Supplied material
▼▼▼

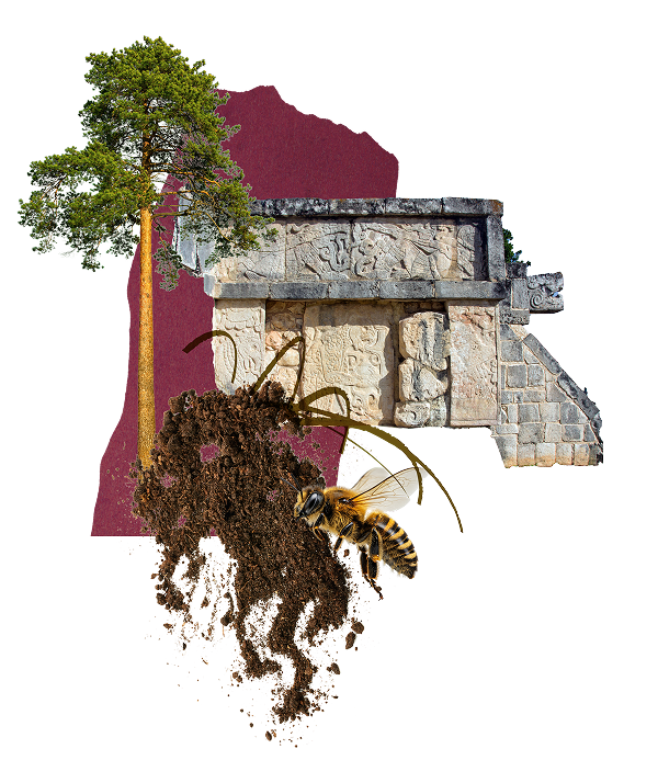 In my community, we have this collective space with other young people where we are working on 1 hectare of land. In the agroforestry system, we cultivate more than two hundred native trees, we are taking care of three varieties of native bees, and we have made the buildings with ancestral Mayan constructions.
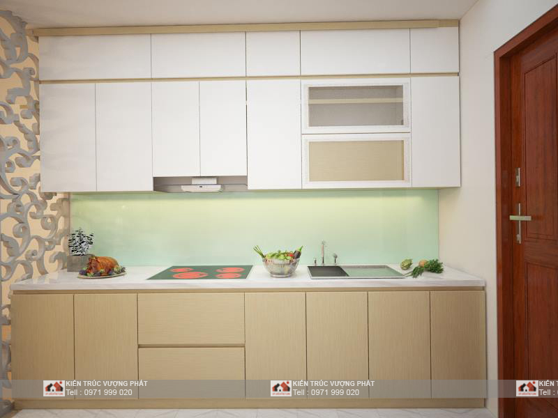 View phòng bếp : CHất liệu tủ Nhựn UPVc kết hợp gỗ MDF cốt xanh chống ẩm, đảm bảo độ bền của sản phẩm
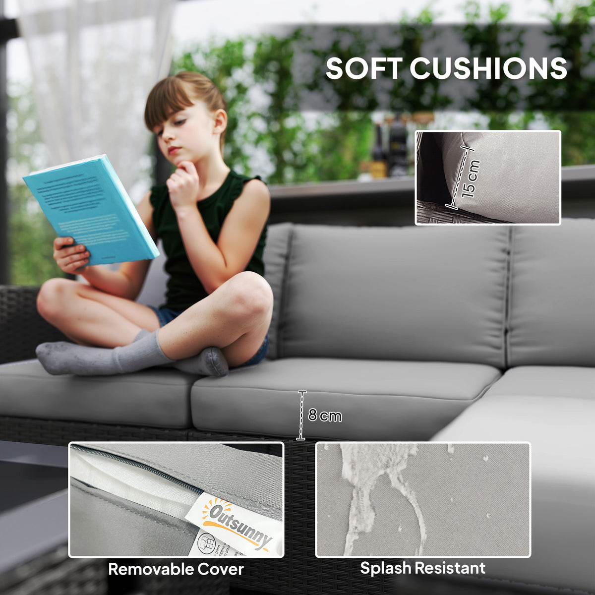 Transform your garden into a cosy haven through the corner garden furniture with fire pit table from Outsunny. This modular outdoor sofa set includes two corner chairs, a middle chair, a footstool and a square table, crafted from all-weather three-strand PE rattan on a robust steel frame. The highlight? A gas fire pit table doubles as a coffee table, ensuring warmth and style in your outdoors. Whether hosting friends or enjoying a quiet moment, the Outsunny rattan sofa set enhances your space.

▲▲▲

What to work on
Pictures excluded, output exactly the line that contains "View phòng bếp" and every line after it to the end of the data above.

Exercise result
 View phòng bếp : CHất liệu tủ Nhựn UPVc kết hợp gỗ MDF cốt xanh chống ẩm, đảm bảo độ bền của sản phẩm
 Transform your garden into a cosy haven through the corner garden furniture with fire pit table from Outsunny. This modular outdoor sofa set includes two corner chairs, a middle chair, a footstool and a square table, crafted from all-weather three-strand PE rattan on a robust steel frame. The highlight? A gas fire pit table doubles as a coffee table, ensuring warmth and style in your outdoors. Whether hosting friends or enjoying a quiet moment, the Outsunny rattan sofa set enhances your space.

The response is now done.